The park is not accessible from East 41st Street due to the presence of a 30 ft retaining wall adjacent to Tudor City and the tunnel portal on First Avenue. The south end of the park connects to a pedestrian arcade that runs from East 40th to 41st streets in a sidewalk easement below Windsor Tower in Tudor City; the pedestrian walkway under the building was also built as part of the street improvements to accommodate the United Nations headquarters. The retaining wall along the western edge of the park includes a bronze tablet listing the individuals and firms associated with construction of the First Avenue Underpass from 1950 to 1952.

In 1998, the park was named after Trygve Lie, who had served as the first Secretary-General of the United Nations and was a supporter of locating the United Nations headquarters in New York City.

==Renovations==
Renovations were made to the park in 2016, which included the installation of new trees, landscaping, benches, light poles, fencing, and concrete and bluestone pavement and repairs to retaining walls. A ribbon cutting ceremony to rededicate the plaza was held on September 18, 2016, with Norway's Prime Minister Erna Solberg and Minister of Foreign Affairs Børge Brende as well as William and Arthur Zeckendorf, the grandsons of Trygve Lie.

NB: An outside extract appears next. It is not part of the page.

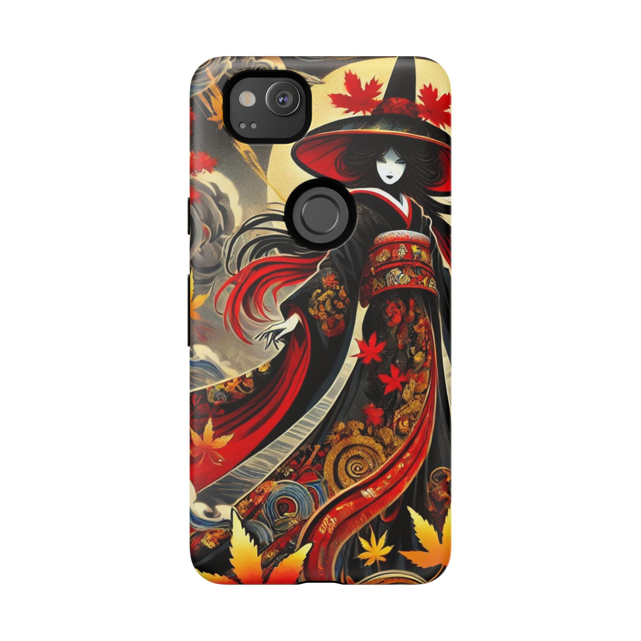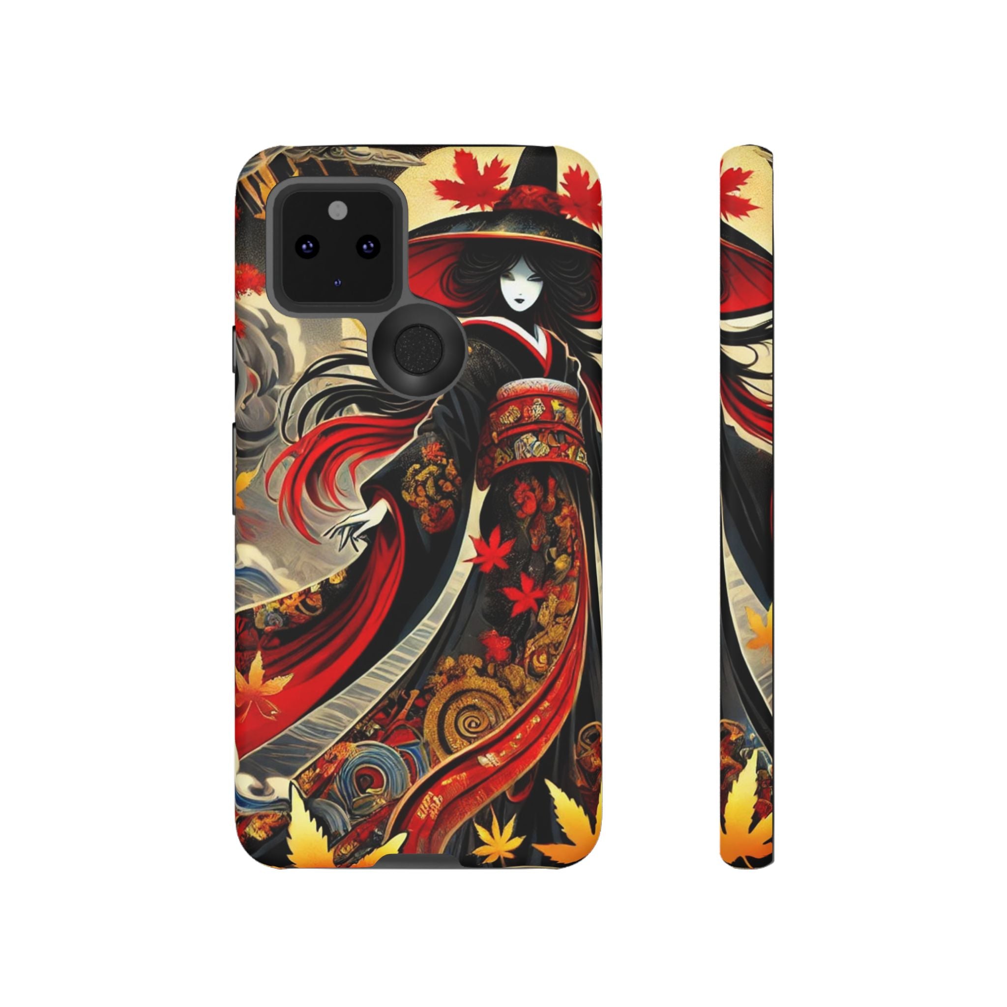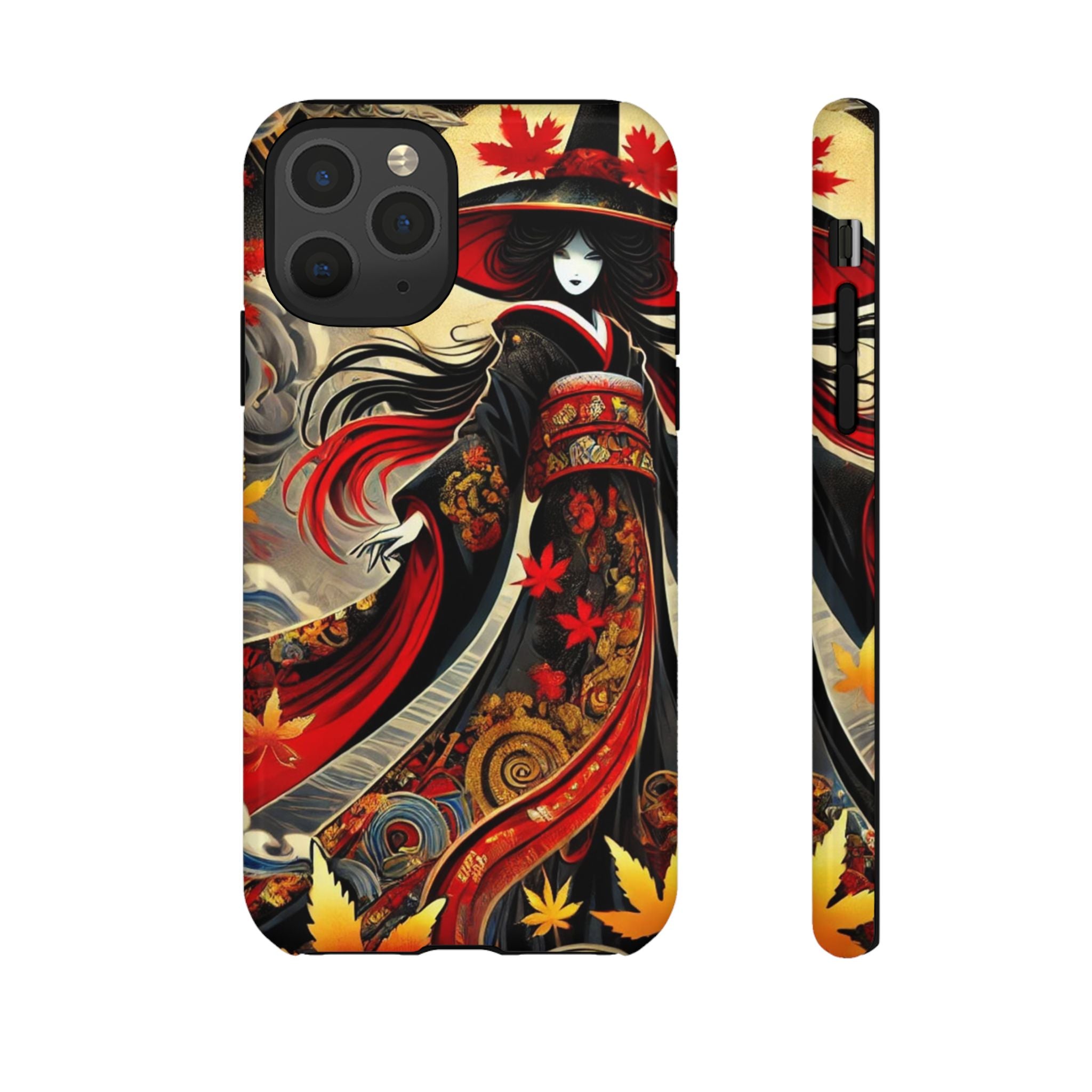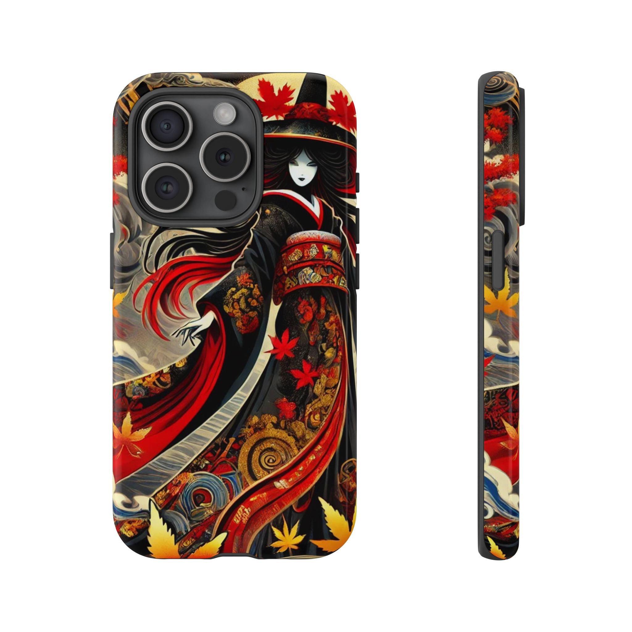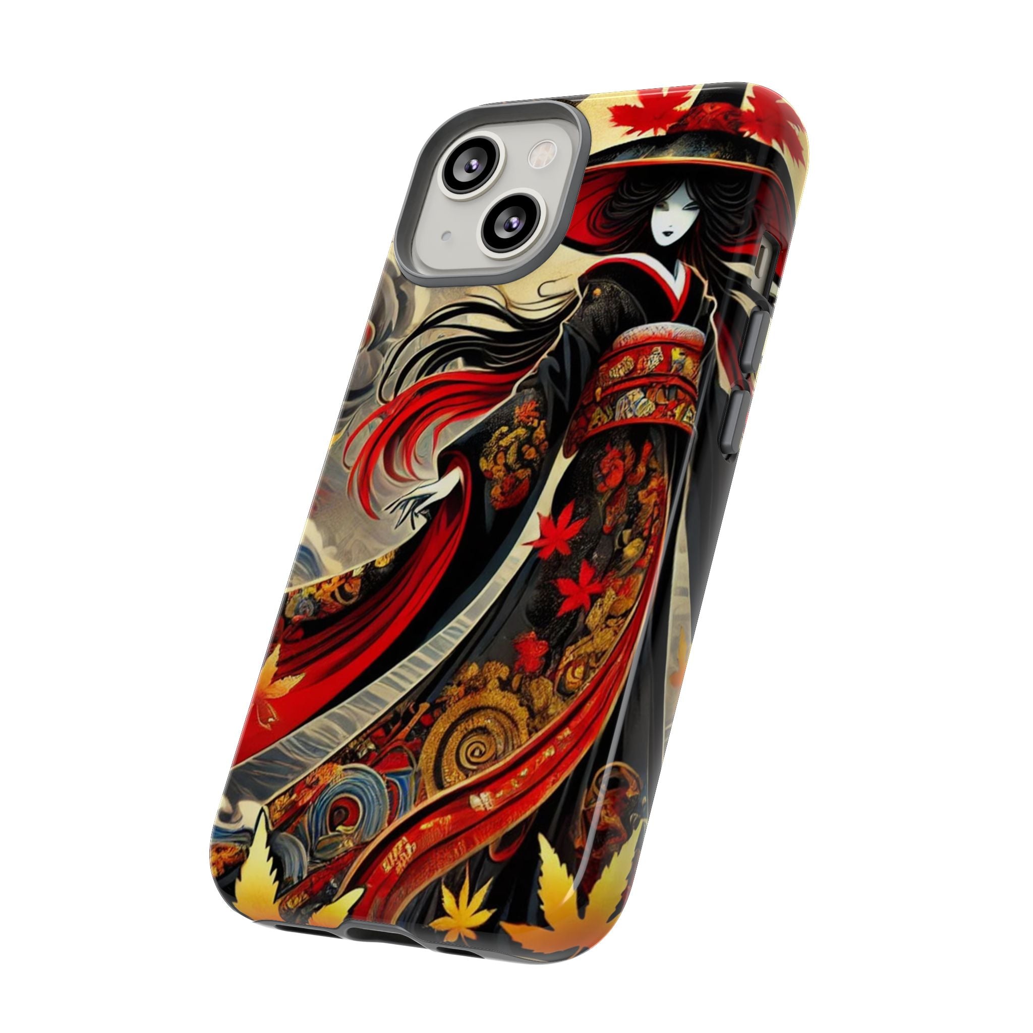 The case showcases a striking Kabuki-inspired witch in a towering red hat and flowing black kimono, detailed with golden storm clouds and fiery red maple leaves. Blending Japanese theater with Halloween mystique, it transforms everyday protection into a bold statement of art, fantasy, and elegance.

The renovated park also included the addition of a 17 ft kinetic art sculpture on the retaining wall, The Peace Clock by Norwegian artist Lina Viste Grønli. The brass sculpture functions as a clock with a moving hour hand and displays the peace sign at 4:30 a.m. and 4:30 p.m. each day to the United Nations. The sculpture was funded by a group of donors and commissioned through New York City Department of Cultural Affairs' Percent for Art program with the objective of using a concept based on either art or design, or both, to tell the story of Trygve Lie. The public art project was completed in partnership with the New York City Department of Parks and Recreation and the Royal Norwegian Consulate General in New York.